Hesselbein Tire Southwest is turning dirt in the Waco International Aviation Park adjacent to Texas State Technical College. Nearby is another Mississippi-based company, Sanderson Farms, a poultry processor. Hesselbein is planning a 259,000-square-foot tire and tube distribution center on a 23-acre site. It will serve independent retailers between Dallas and Austin.
The center will employ about 40 people when it opens, probably in April 2022, “and should end up with a good bit more in time,” said Dennis King, president of Dunlap and Kyle, which is Hesselbein’s corporate parent. King said he visited Waco twice during a fact-finding mission, touring sites with the Greater Waco Chamber of Commerce’s Kris Collins, an industry recruiter.
“I like Waco. I think I’ll send my son there,” King said, mentioning a possible relocation from the company’s distribution center in Dallas. Hesselbein Tire Southwest also operates in San Antonio. Waco’s center is the company’s 19th, nearly all locations concentrated in the Southeast with one in Ohio.
“Next we’re putting one in Georgia. That’s our 20th,” King said.

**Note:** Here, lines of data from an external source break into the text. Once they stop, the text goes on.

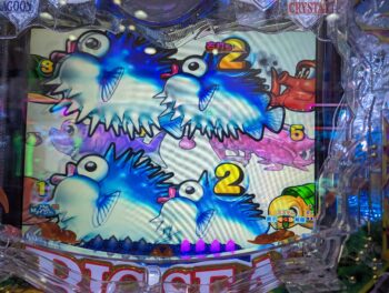 8連目はブラックパール+イカ+「ハリセンボン」テンパイ+ノーマルリーチ➝「ハリセンボン」3R当たりしました。
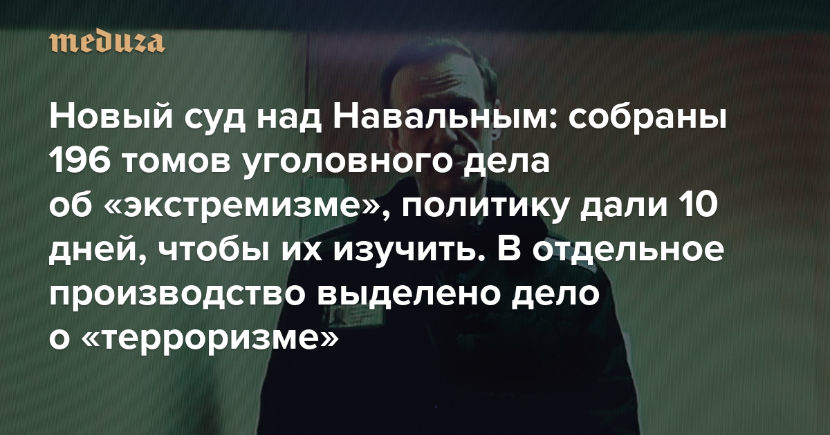 Новый суд над Навальным: собраны 196 томов уголовного дела об «экстремизме», политику дали 10 дней, чтобы их изучить В отдельное производство выделено дело о «терроризме» — и это может быть пожизненный срок
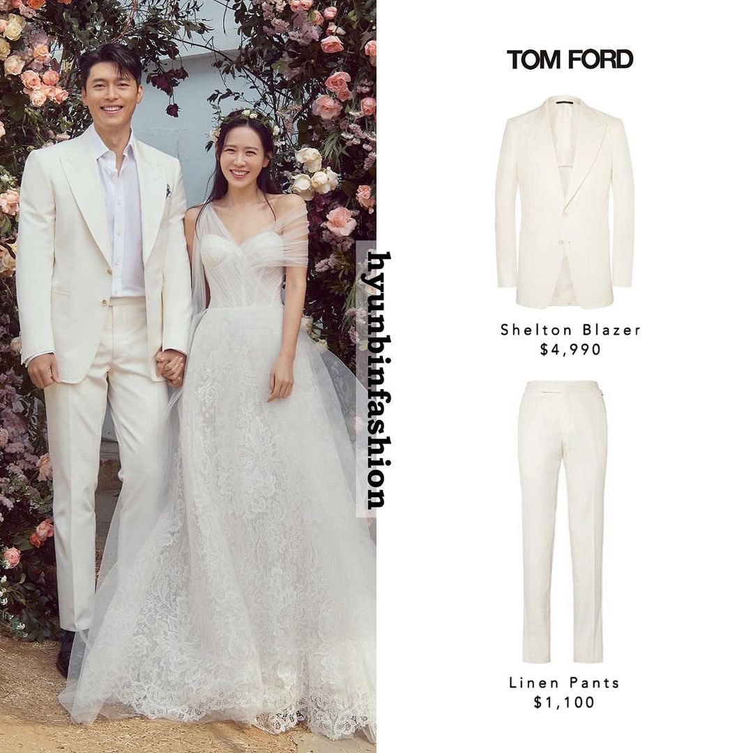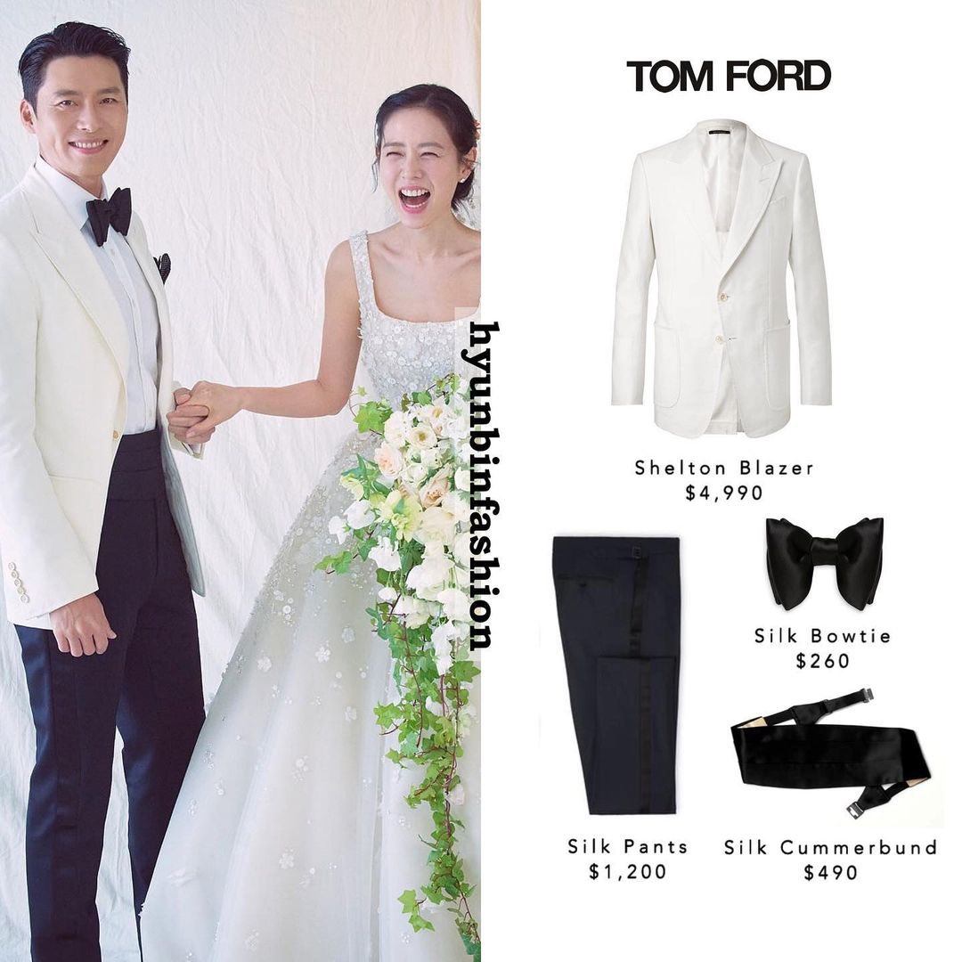 من جهة أخرى، اعتمد زوجها بدلة أنيقة مكونة من سترة باللون الآيفوري من توقيع العلامة التجارية "توم فورد" بقيمة 4.990 دولار أمريكي نسَّقها بقميص أبيض وبنطال كحلي من القماش، وتزيَّن بفيونكة أنيقة باللون الكحلي.

Company officials started expressing interest in Waco last year, Collins said by email.
“After evaluating several properties across the community, (they) identified a location in the Waco International Aviation Park as its preferred site for a distribution operation,” she wrote.

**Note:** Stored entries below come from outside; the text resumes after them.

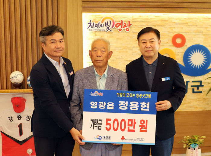 | ▲정용현 어르신이 영광곳간에 기탁금 500만 원을 전달했다.(사진제공=영광군) |
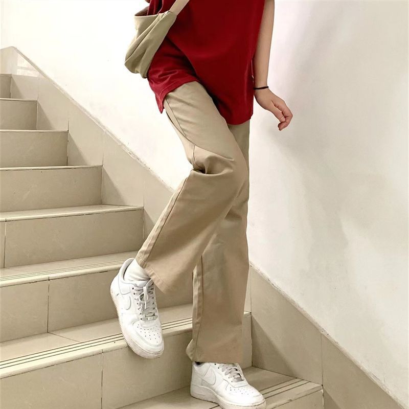 | nameOriginal | khaki Pants Women's 2024 New Summer Japanese Vintage Overalls All-match Loose Straight Casual Wide-leg Pants |
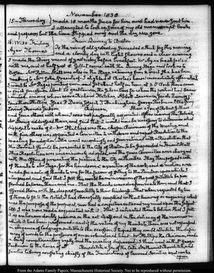 View full, authoritative transcriptions with page images of the diaries at John Quincy Adams Digital Diary part of the Primary Source Cooperative at the MHS.
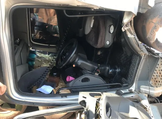 Com a violência do impacto a cabine do caminhão ficou pendurada e praticamente destruída.
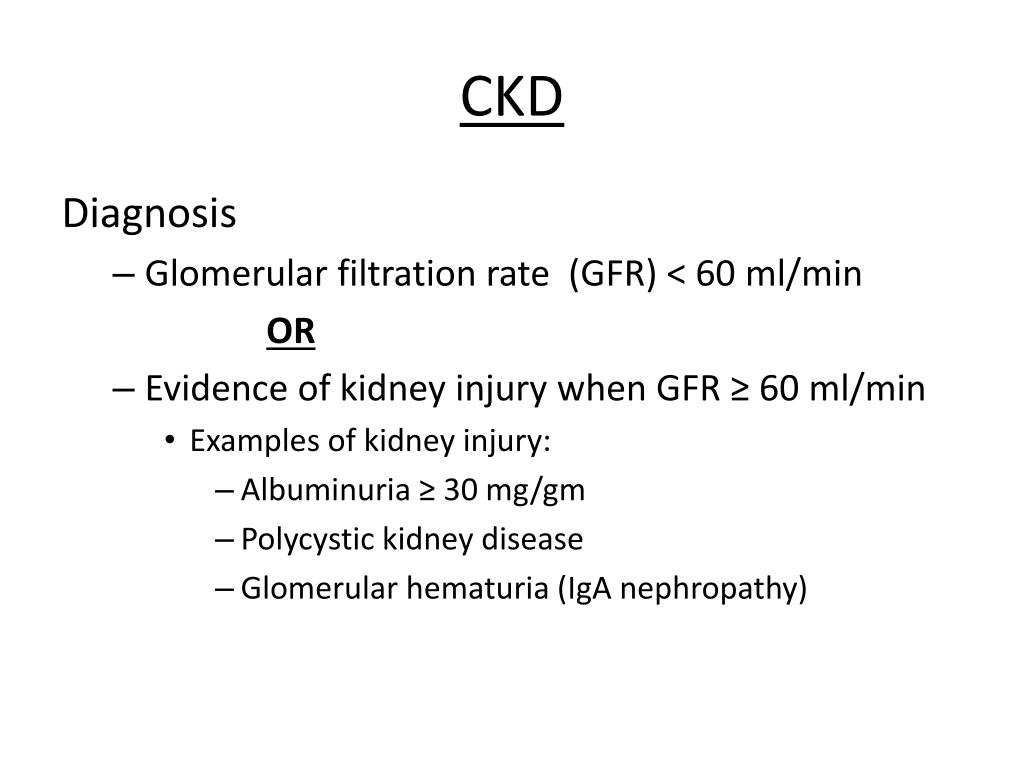 CKD Diagnosis • Glomerular filtration rate (GFR) < 60 ml/min OR • Evidence of kidney injury when GFR ≥ 60 ml/min • Examples of kidney injury: • Albuminuria ≥ 30 mg/gm • Polycystic kidney disease • Glomerular hematuria (IgA nephropathy)

King said Hesselbein Tire distributes about 30 brands, including major names such as Bridgestone, Firestone, Toyo and Michelin. He said he did not know offhand the independent retailers Hesselbein sells to in Greater Waco, “but if there weren’t any there, we wouldn’t be building there.”

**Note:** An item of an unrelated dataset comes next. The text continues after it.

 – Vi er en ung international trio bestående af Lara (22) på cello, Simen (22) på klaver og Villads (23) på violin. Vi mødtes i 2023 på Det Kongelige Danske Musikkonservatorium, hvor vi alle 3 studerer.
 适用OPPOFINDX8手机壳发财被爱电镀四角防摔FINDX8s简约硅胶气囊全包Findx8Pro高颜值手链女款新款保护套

Paperwork provided to Waco City Council members Tuesday says Hesselbein Tire proposes to spend $14.5 million on real property improvements and about $1.56 million in personal property improvements. It will create 40 full-time jobs, paying at least $15 per hour and offering health insurance benefits to all employees, according to the paperwork.
If it meets all requirements, Hesselbein stands to receive $526,204 in city tax breaks between 2023 and 2027. Waco, meanwhile, will receive $676,450 in new property tax revenue during the operation’s first 10 years.
A resolution passed by McLennan County commissioners on Tuesday stipulates that each employee receive no less than $37,500 annually, that at least 80% of employees reside in the county and 40% in Waco.
Collins said Hesselbein will see county tax breaks totaling between $350,000 and $400,000 over the life of the city-county business grant.
“I do believe they chose Waco after looking at communities throughout the Central Texas region,” Collins said. “They have operations in Dallas and San Antonio, and wanted to better serve this area directly.”
Greater Waco suffers a shortage of warehousing space, but reinforcements are arriving, Collins said. A new speculative building offering “flex” space will rise near the new Amazon fulfillment center on Exchange Parkway, offering 125,000 square feet in its first phase, 60,000 square feet in its second. It could accommodate a single user or multiple users and could serve as warehousing or light manufacturing space, she said.
It is a speculative building financed by First National Bank of Central Texas.